Fußball-Drittligist FC Erzgebirge Aue hofft auf eine sorgenfreie Saison, würde aber auch einen Aufstieg in die 2. Bundesliga «supergern mitnehmen». Das sagte Sportchef Matthias Heidrich der «Freien Presse» (Dienstag). «Natürlich gibt es eine gewisse Erwartungshaltung. Aber ich glaube, dass wir gut beraten sind, diese Dritte Liga ernstzunehmen. Denn sie ist gefährlich», sagte Heidrich und forderte von seinem neuformierten Team zuerst eine gewisse Konsolidierung.

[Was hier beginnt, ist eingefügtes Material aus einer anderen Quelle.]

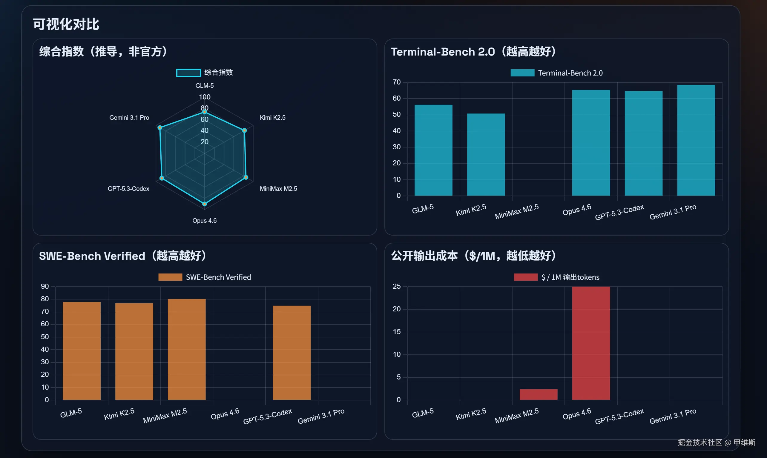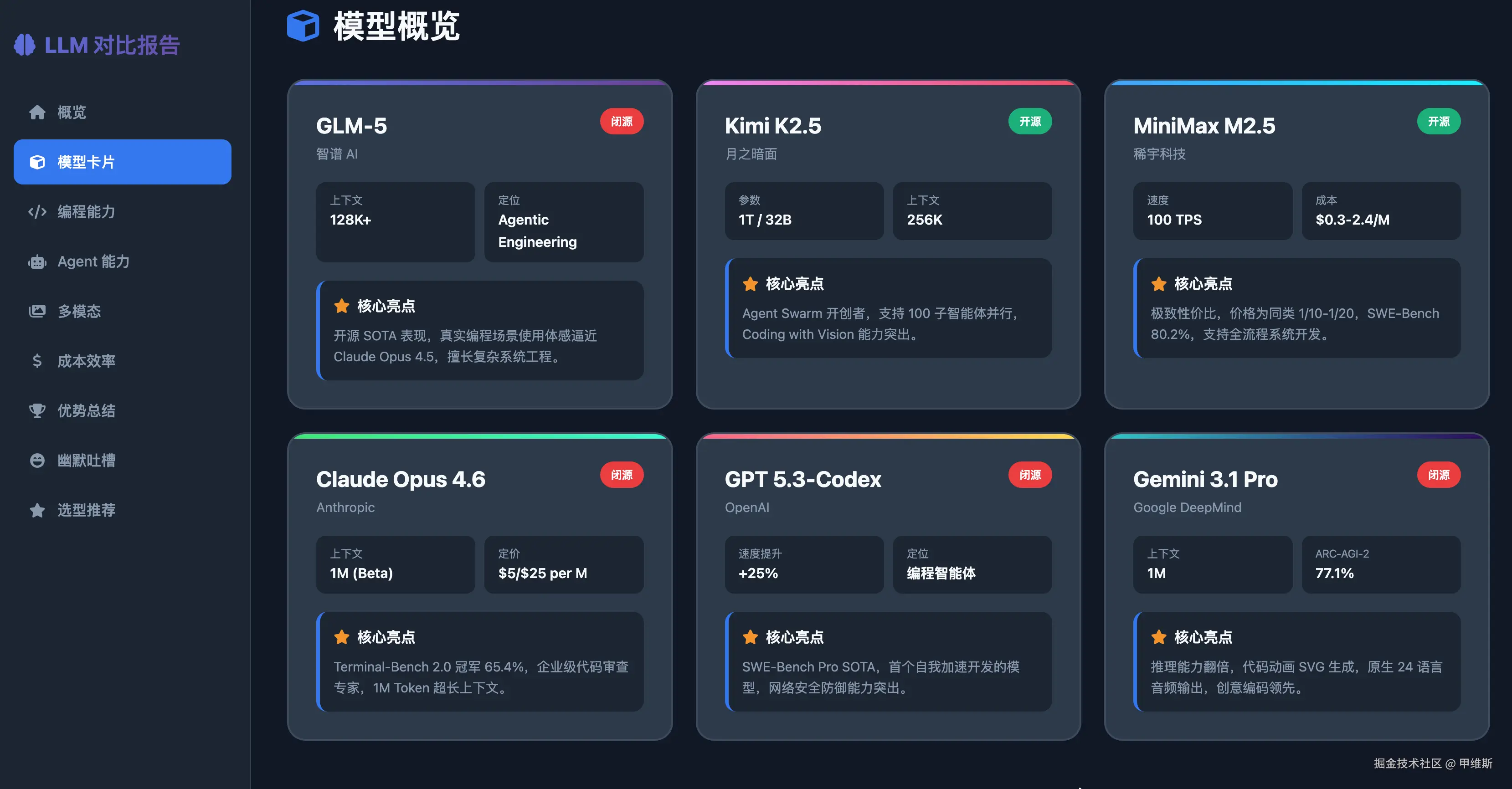 另外它的差异化对比,各模型核心优势总结,以及综合评定都非常实用。它把每个环节的关键基准都翻译成对应的中文,非常容易理解。

«Die Tabelle wird sich, so war es die letzten Jahre immer, in zwei Hälften aufteilen - entweder spielst du oben oder unten mit. Uns wäre es zu wünschen, oben mitzuspielen, im Winter in Schlagdistanz zu sein, um dann noch einmal mit einem weiten Auge zu schauen, was noch geht, und vielleicht noch etwas transfertechnisch zu tun. Was darüber hinaus geht, nehmen wir mit, aber ich würde eben gern eine Runde haben, in der es nicht darum geht, nach neun Spieltagen drei Punkte zu haben», betonte der Manager.

Insgesamt geht Heidrich wieder von einer sehr ausgeglichenen Liga aus mit den selbst ernannten Aufstiegsanwärtern SV Sandhausen und Dynamo Dresden als Favoriten. «Bielefeld und Regensburg werden auch nicht für ein weiteres Jahr Dritte Liga planen und versuchen, so schnell wie möglich wieder hochzugehen. Und dann sind da noch die ganzen Kaliber mit 1860 München, Saarbrücken, Mannheim und Ingolstadt, die schon irgendwo den Anspruch haben. Viktoria Köln ist nicht zu unterschätzen. Es wird spannend sein zu beobachten, wo wir uns einreihen», sagte der 45-Jährige.

Sowohl mit dem Kader als auch mit dem Mannschaftsgefüge und dem Vorbereitungsstand ist Heidrich zwei Wochen vor dem Saisonstart zufrieden. «Aber es fehlen natürlich die Spiele und der Druck in bestimmten Phasen. Du weißt nicht, wie das Team reagiert, sollte der Start nicht gelingen: Bleibt die Truppe dann zusammen? Das werden wir alle sehen. Aber die Grundvoraussetzungen sind erst mal gut.»